Thursday, July 21, 2011

My mom is trying to destroy my relationship now that im pregnant & Im starting to have second thoughts?

Im 25 and i've been with my partner for a year and a half, He is 39 and i love him so much, Im from the US and he is Russian but lives in London. I was previously engaged but that ended a few months before i met my new partner as he had cheated on me and i left him. My partner wants me to move to London to live with him as he is based there because of his business, He also has homes in Russia, Monaco & Italy, When i first met him he kept clinging to me to let him take me out but i didn't give in until a month after we met as i didn't want him thinking he could click his fingers and he'd have me, I see now that that was pretty childish. He is so affectionate & always tells me that he feels like he cant be without me for even a second & that he does be miserable without me.

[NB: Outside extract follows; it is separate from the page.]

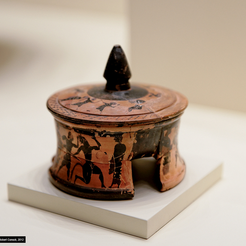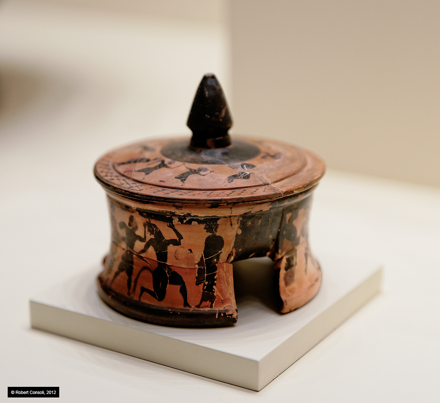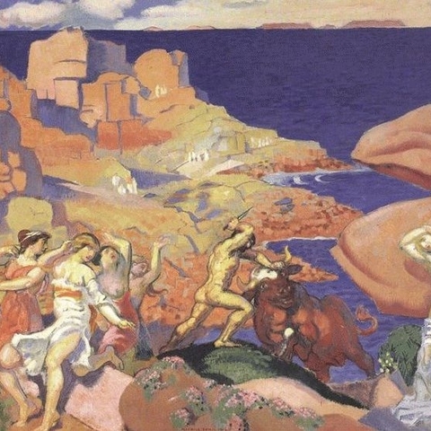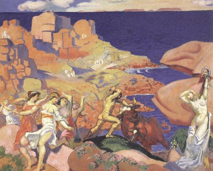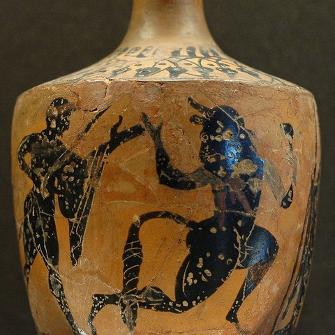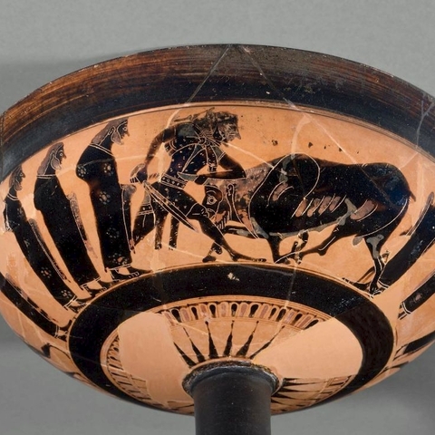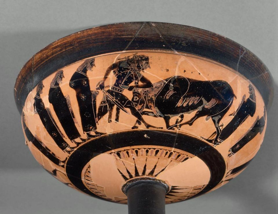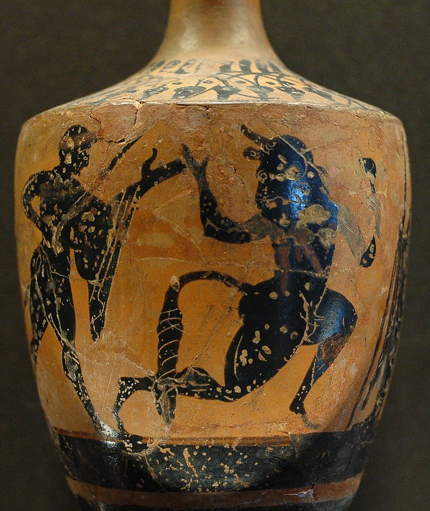 Γ) Γνωρίζουμε επίσης ότι οι νέοι, παίρνοντας μέρος σε διαβατήριες τελετές ενηλικίωσης, είναι πιθανό ότι χρησιμοποιούσαν προσωπεία ταύρου ή ότι αγωνίζονταν εναντίον κάποιου που φορούσε προσωπείο ταύρου. Για παράδειγμα, στο Καβείριο των Θηβών, σε θραύσμα σκύφου (Εθνικό Αρχαιολογικό Μουσείο Αθηνών, αρ. 548) παριστάνεται ένας γυμνός άνδρας να φορά προσωπείο ταύρου, προφανώς συμμετέχοντας σε τελετουργικά δρώμενα και συνοδευόμενος από δύο άλλες γυμνές ανδρικές φιγούρες σε ιθυφαλλική κατάσταση. Δύο ερωτήματα προκύπτουν εδώ: α) Ποιος είναι ο συμβολισμός του ταύρου; β) Τι επιδιωκόταν με τη χρήση του προσωπείου;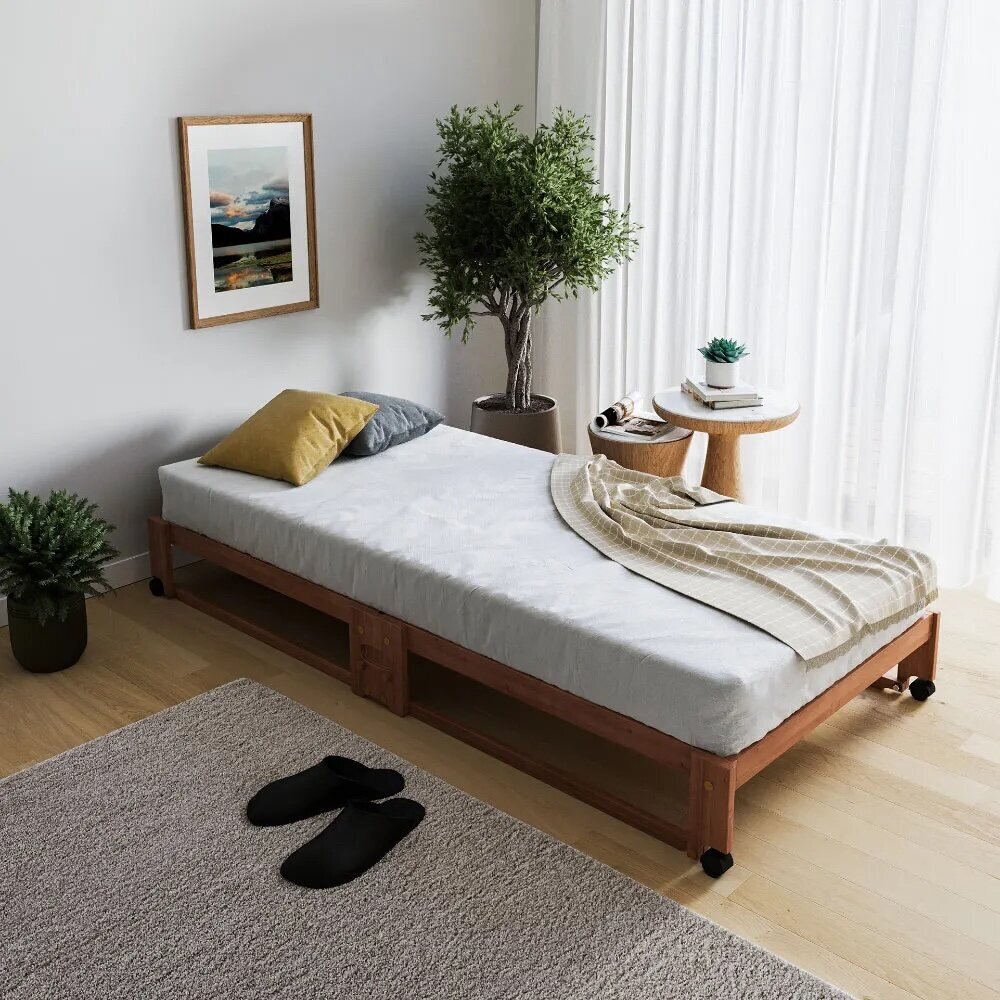 床や畳を傷めにくい構造ですベッドにした時にキャスターだけでなくフレーム全体が床につくので、荷重が分散され床や畳を傷めにくいフレーム構造です。キャスターにストッパーがなくても滑りにくくなっています。また、取っ手部は床面と高さが揃っているので、布団を敷いても邪魔にならない設計です。

When we are together he always touches me, holds my hand, kisses me, puts his head level with mine & tells me he loves me, how happy i make him & that he would sacrifice anything to see me smile. He has proposed to me last month but i told him i wasn't ready, He told me he wasn't going to stop asking until i said yes. My mom doesn't like him and says that he doesn't love me as much as i think & that im just blinded by his money & that i wouldn't know what true love is like if it hit me in the face, which is a lie,I swear to god, I love that man like crazy. I found out two days ago that im two months pregnant with our first child and i was so excited about it until my mom lectured me and now im afraid to tell him about it as my mom has gotten into my head making me think he may not really love me as i once thought, or is it just hormones making me like this? Advice Needed?